What is being asked.
Below, find the line containing "For those seeking"; from there to the final line, print every line exactly and skip the pictures.

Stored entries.
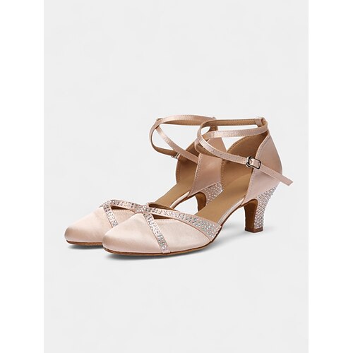 scarpe da ballo da donna in raso color champagne con tacchi in strass – eleganti scarpe da ballo chiuse per matrimonio e valzer
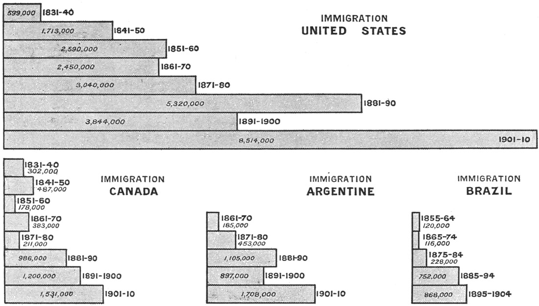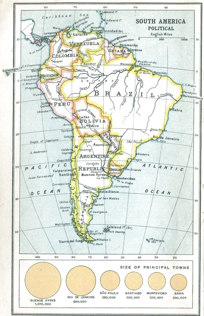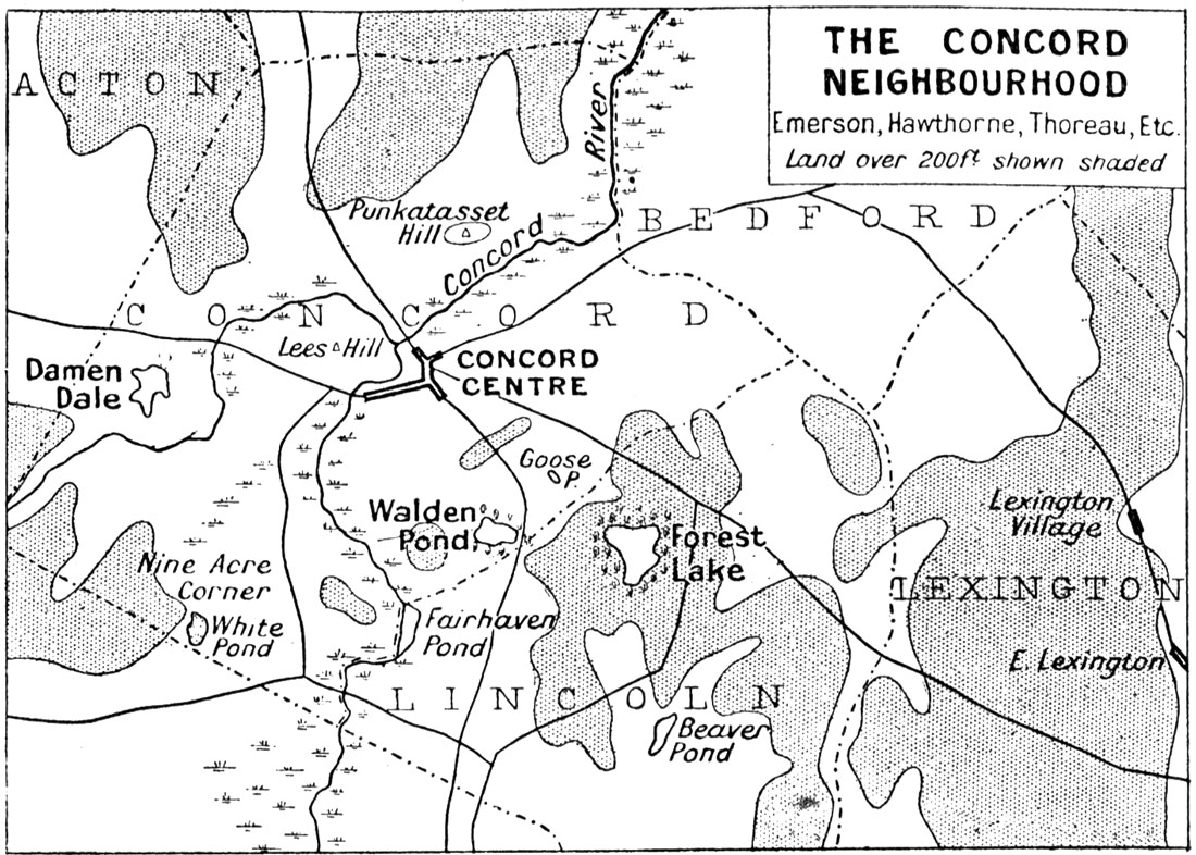 As for the local associations that have become familiar in American literature, you have a chart of the Concord neighbourhood showing Walden Pond, Forest Lake, Lexington, and Punkatasset Hill, associated with the name and fame of Ralph Waldo Emerson, Nathaniel Hawthorne, and H. D. Thoreau. Fenimore Cooper recalls the old Indian Territory as it was in the wild prime of the Red Men; and you travel from the land of "Hiawatha" in Longfellow's poem southwards to the Mexico and Peru of Prescott, and then pause over something more amazing than any record in imaginative verse or prose—the plain statistics figured in the map of South America, and the emergence of Buenos Ayres with its million and a quarter inhabitants, Rio de Janeiro with its 860,000, San Paulo with 350,000, and Santiago with 330,000. Here are the elements of an immense new Latin civilisation which is going to count, and count enormously, just as China and its millions are bound to count enormously in the twentieth century.
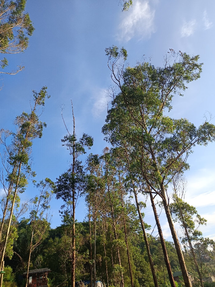 This image presents an upward-angled view into a canopy of numerous tall, slender trees, likely Eucalyptus species, under a clear blue sky with scattered white cirrus clouds. The trees exhibit green foliage, with several showing partial defoliation or bare branches extending towards the sky. A dense green hillside covered in additional trees and vegetation forms the lower background. In the lower-left quadrant, partially obscured by foreground trees, a small wooden cabin or dwelling with a dark roof and a visible porch structure is present. Another smaller, partially visible structure with a greenish roof appears through the trees in the mid-ground, slightly right of center. No human figures or discernible actions are present. The scene depicts a natural, forested or semi-forested environment in a rural setting within the city of Unknown, Indonesia.
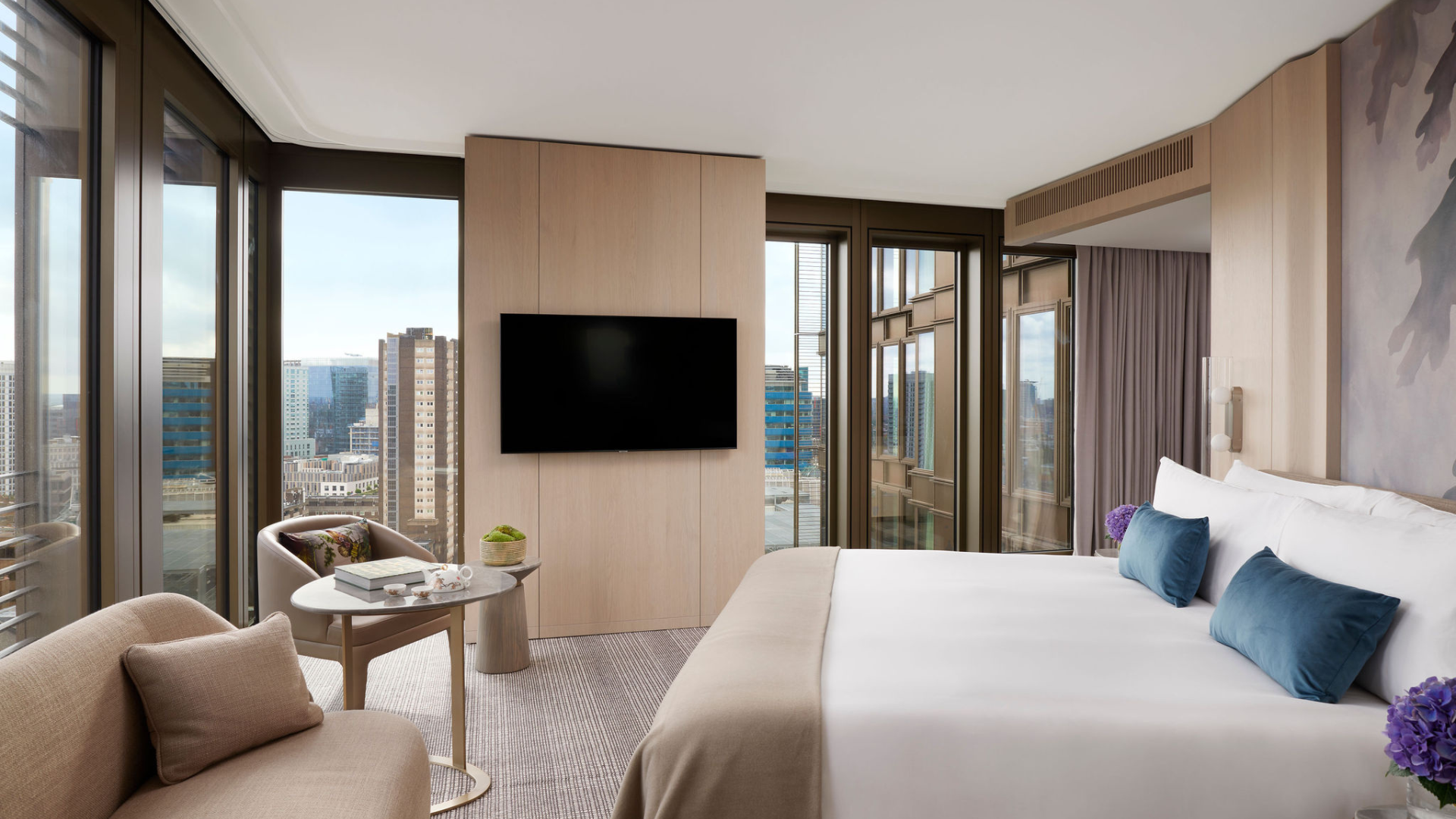 For those seeking a chic business hotel with one of the best executive rooms in London, our Executive Room exudes sophistication. Boasting a contemporary design with a neutral color scheme and natural wood details, this spacious living area includes floor-to-ceiling windows that flood the room with natural light and offer stunning city views.
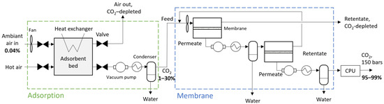 Surprisingly, the possibilities of hybrid systems are largely unexplored. Given the very high dilution level of the starting CO2 concentration for DAC (i.e., 400 ppm) and the target purity level (typically 90% or above), it is likely that the combination of two distinct separation processes could be of interest. Adsorption processes are known to offer high performance for diluted feeds, but reaching high purity systematically translates into increased cost and specific energy. Membrane processes are often considered as inappropriate for diluted feeds and can hardly compete with adsorption for DAC [22,27]. Membrane separation is, however, of major interest for moderate to concentrated CO2 feeds (i.e., 15 to 50% or above) in terms of energy efficiency and cost. Based on this statement, the combination of an adsorption pre-concentration step and a membrane CO2 final concentration unit is proposed in this study. The feasibility of such hybrid DAC was introduced by Huang et al. [29]. To our knowledge, no study has investigated up to now the separation performance, energy efficiency, and overall cost of such a hybrid process for DAC. The objective is to evaluate the potentialities and limitations of the concept through a preliminary set of parametric simulations. State-of-the-art solutions for carbon capture by sorbents and membranes are thus explored in order to analyze their association in a two-step process.
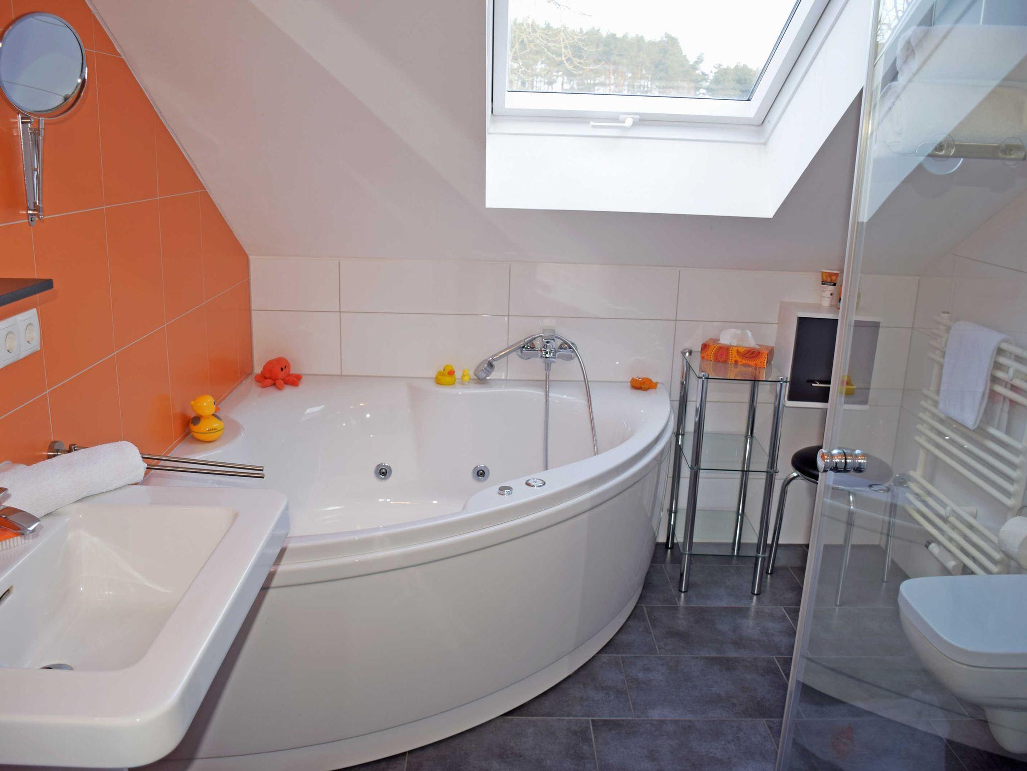 Das moderne Bad ist mit Dusche, Waschtisch, Whirl-Wanne, Handtuchtrockner und WC ausgestattet und verfügt - wie die gesamte Wohnung, über eine angenehme Fußbodenheizung.

Expected answer.
 For those seeking a chic business hotel with one of the best executive rooms in London, our Executive Room exudes sophistication. Boasting a contemporary design with a neutral color scheme and natural wood details, this spacious living area includes floor-to-ceiling windows that flood the room with natural light and offer stunning city views.
 Surprisingly, the possibilities of hybrid systems are largely unexplored. Given the very high dilution level of the starting CO2 concentration for DAC (i.e., 400 ppm) and the target purity level (typically 90% or above), it is likely that the combination of two distinct separation processes could be of interest. Adsorption processes are known to offer high performance for diluted feeds, but reaching high purity systematically translates into increased cost and specific energy. Membrane processes are often considered as inappropriate for diluted feeds and can hardly compete with adsorption for DAC [22,27]. Membrane separation is, however, of major interest for moderate to concentrated CO2 feeds (i.e., 15 to 50% or above) in terms of energy efficiency and cost. Based on this statement, the combination of an adsorption pre-concentration step and a membrane CO2 final concentration unit is proposed in this study. The feasibility of such hybrid DAC was introduced by Huang et al. [29]. To our knowledge, no study has investigated up to now the separation performance, energy efficiency, and overall cost of such a hybrid process for DAC. The objective is to evaluate the potentialities and limitations of the concept through a preliminary set of parametric simulations. State-of-the-art solutions for carbon capture by sorbents and membranes are thus explored in order to analyze their association in a two-step process.
 Das moderne Bad ist mit Dusche, Waschtisch, Whirl-Wanne, Handtuchtrockner und WC ausgestattet und verfügt - wie die gesamte Wohnung, über eine angenehme Fußbodenheizung.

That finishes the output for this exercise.